[To do] Restate word for word the lines of the listing below, from its first line through the line with "Nhận định soi", without the pictures.

******

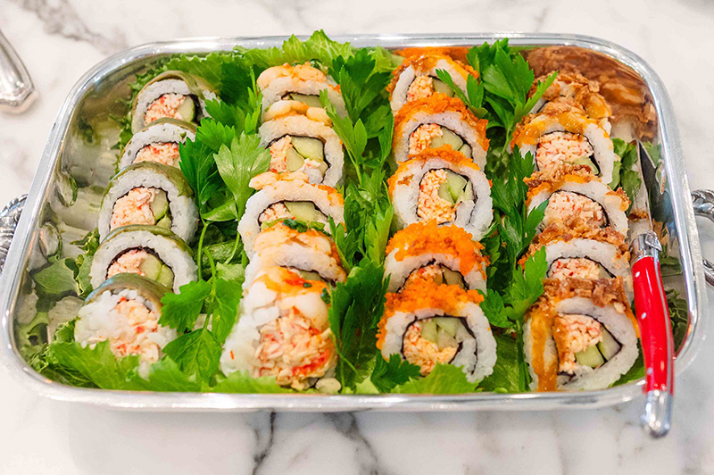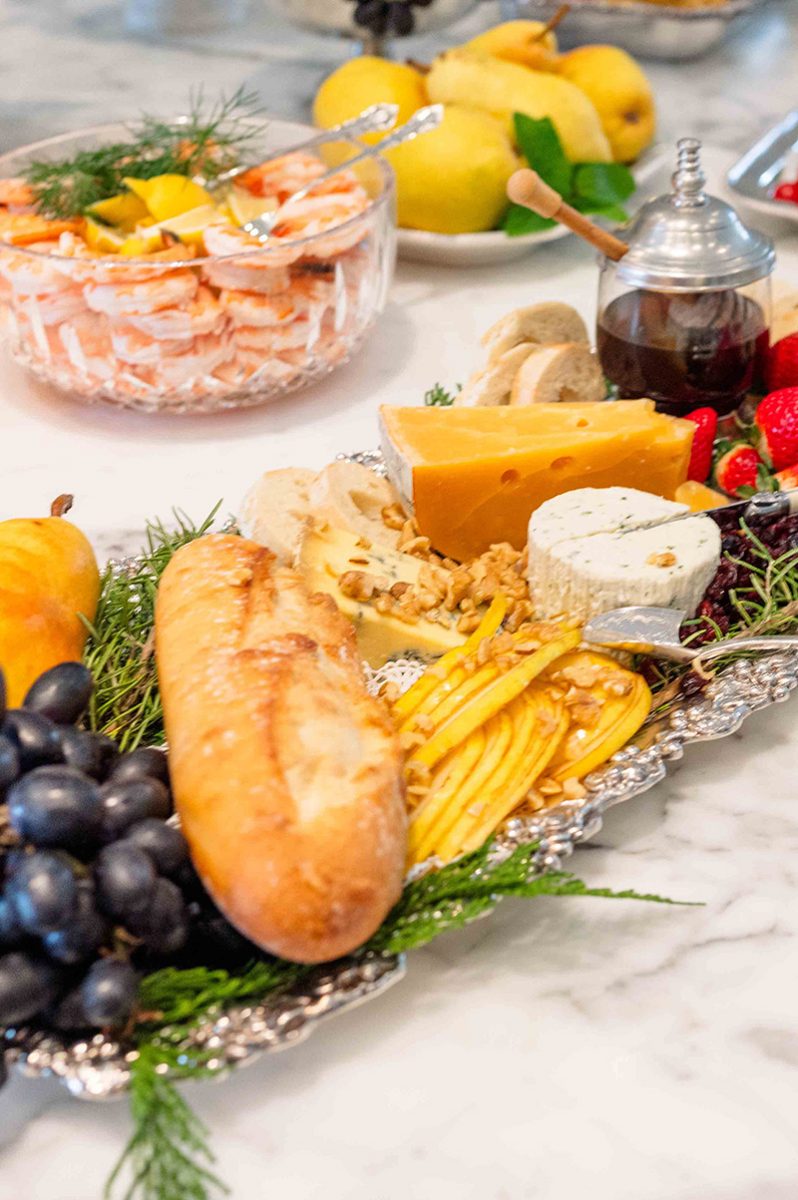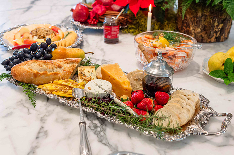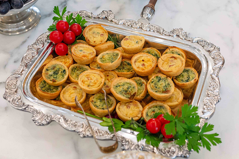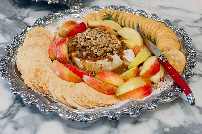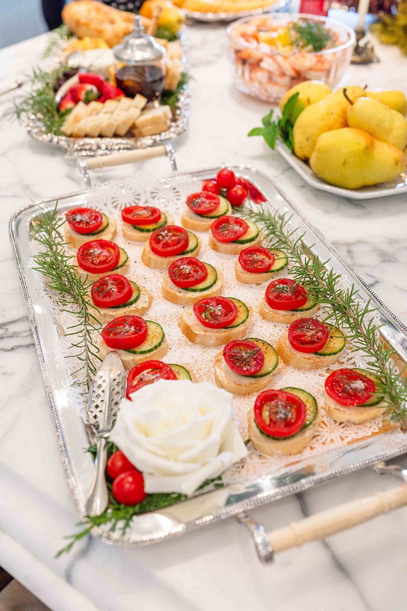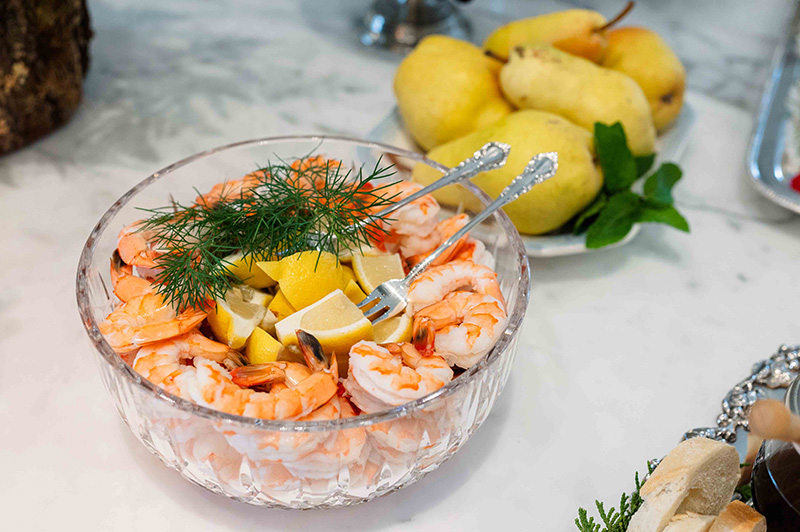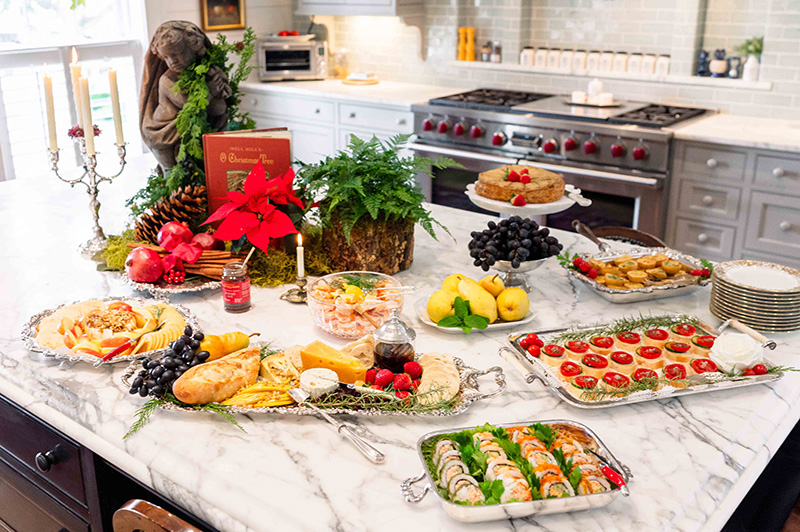 The menu for the party began with an array of hors d’oeuvres set out on the kitchen island. These included tomato tartines, pickled Gulf shrimp, baked Brie with fig jam, miniature quiches, a cheese and fruit board, and sushi rolls created by a favorite local sushi chef. Accompanying these savory goodies were holiday-scented citrus cocktails served from a glass beverage dispenser adorned with a simple red bow and surrounded by cinnamon sticks and orange slices.
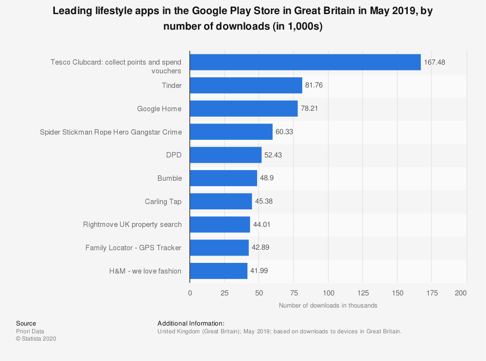 Priori Data. (June 18, 2019). Leading lifestyle apps in the Google Play Store in Great Britain in May 2019, by number of downloads (in 1,000s) [Graph]. In Statista. Retrieved March 05, 2020, from https://www-statista-com.uoelibrary.idm.oclc.org/statistics/690402/leading-lifestyle-apps-in-google-play-in-great-britain-by-downloads/
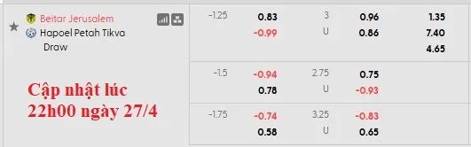 Nhận định soi kèo Beitar Jerusalem vs Hapoel Petah Tikva, 0h00 ngày 29/4 – Giải VĐQG Israel. Phân tích tỷ lệ kèo, dự đoán kết quả Beitar Jerusalem đấu vs Hapoel Petah Tikva chuẩn xác từ chuyên gia BongdaNET.
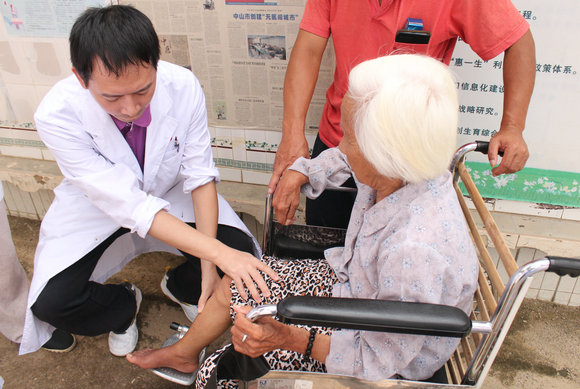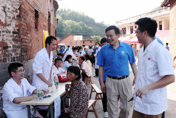 Doctors from more than 10 departments in The First Affiliated Hospital including internal medicine, otorhinolaryngology, neurology, traditional Chinese medicine, obstetrics and gynecology gave free diagnosis and treatment for nearly 200 villagers a day.
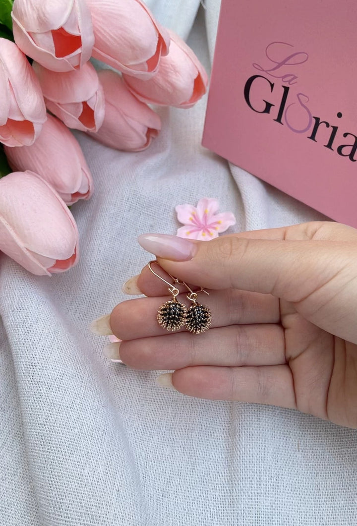 حلق صغير متدلي بتصميم دائري يشبه كرة مزينة بتفاصيل دقيقة من حبات صغيرة باللون الذهبي مع لمسات من خرز أسود مركزي يبرز تصميمه العصري والأنيق. يوحي بخامة مصقولة تعكس الأناقة والتميز في المناسبات اليومية والرسمية. مطلي بالذهب عيار 18 مكفول سنة لتغير اللون، مطلية بالذهب عيار 18 مكفولة سنة لتغير اللون
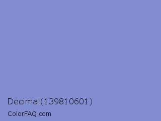 Decimal 139810601 Color is a light blue color and the nearest color is Chetwode Blue #8581d9. Hex code #828cd1 and RGB value is rgb(130,140,209). In RGB color space, this color is composed of 51% red, 55% green, 82% blue, In CMYK color space, this color is composed of 38% cyan, 33% magenta, 0% yellow , 18% black , In HSL color space, this color has a hue angle of 232° , 46% saturation and 66% lightness.
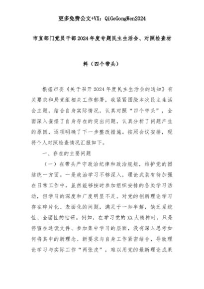 【七哥公文】2025年:市直部门党员干部2024年度专题民主生活会、对照检查材料(四个带头)+更多免费公文+VX:QiGeGongWen2024+更多免费公文+VX:QiGeGongWen2024

******

[Exercise solution]
 The menu for the party began with an array of hors d’oeuvres set out on the kitchen island. These included tomato tartines, pickled Gulf shrimp, baked Brie with fig jam, miniature quiches, a cheese and fruit board, and sushi rolls created by a favorite local sushi chef. Accompanying these savory goodies were holiday-scented citrus cocktails served from a glass beverage dispenser adorned with a simple red bow and surrounded by cinnamon sticks and orange slices.
 Priori Data. (June 18, 2019). Leading lifestyle apps in the Google Play Store in Great Britain in May 2019, by number of downloads (in 1,000s) [Graph]. In Statista. Retrieved March 05, 2020, from https://www-statista-com.uoelibrary.idm.oclc.org/statistics/690402/leading-lifestyle-apps-in-google-play-in-great-britain-by-downloads/
 Nhận định soi kèo Beitar Jerusalem vs Hapoel Petah Tikva, 0h00 ngày 29/4 – Giải VĐQG Israel. Phân tích tỷ lệ kèo, dự đoán kết quả Beitar Jerusalem đấu vs Hapoel Petah Tikva chuẩn xác từ chuyên gia BongdaNET.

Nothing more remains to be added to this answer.